▽
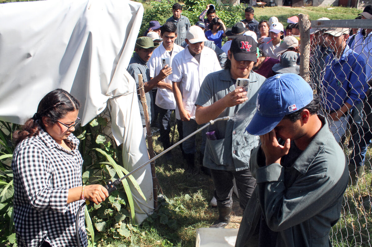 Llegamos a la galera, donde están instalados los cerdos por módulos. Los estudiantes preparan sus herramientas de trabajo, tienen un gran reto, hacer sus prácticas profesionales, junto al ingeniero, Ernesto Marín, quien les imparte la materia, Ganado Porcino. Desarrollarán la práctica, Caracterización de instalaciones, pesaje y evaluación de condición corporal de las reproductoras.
△
▽
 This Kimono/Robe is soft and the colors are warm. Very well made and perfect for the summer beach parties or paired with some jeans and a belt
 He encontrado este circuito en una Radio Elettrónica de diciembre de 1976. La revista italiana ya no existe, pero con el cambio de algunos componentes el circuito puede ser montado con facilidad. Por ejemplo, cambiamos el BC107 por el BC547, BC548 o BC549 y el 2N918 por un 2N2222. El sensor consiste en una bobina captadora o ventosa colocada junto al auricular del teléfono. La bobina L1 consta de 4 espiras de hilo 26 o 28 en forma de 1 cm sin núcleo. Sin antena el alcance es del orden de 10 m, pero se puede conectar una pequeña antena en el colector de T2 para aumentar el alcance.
△
#### Exercise instructions
Looking at the data above, write out exactly the lines that start at the one containing "This Kimono/Robe is" and end at the one containing "He encontrado este"; include both and nothing beyond.

#### Answer below
 This Kimono/Robe is soft and the colors are warm. Very well made and perfect for the summer beach parties or paired with some jeans and a belt
 He encontrado este circuito en una Radio Elettrónica de diciembre de 1976. La revista italiana ya no existe, pero con el cambio de algunos componentes el circuito puede ser montado con facilidad. Por ejemplo, cambiamos el BC107 por el BC547, BC548 o BC549 y el 2N918 por un 2N2222. El sensor consiste en una bobina captadora o ventosa colocada junto al auricular del teléfono. La bobina L1 consta de 4 espiras de hilo 26 o 28 en forma de 1 cm sin núcleo. Sin antena el alcance es del orden de 10 m, pero se puede conectar una pequeña antena en el colector de T2 para aumentar el alcance.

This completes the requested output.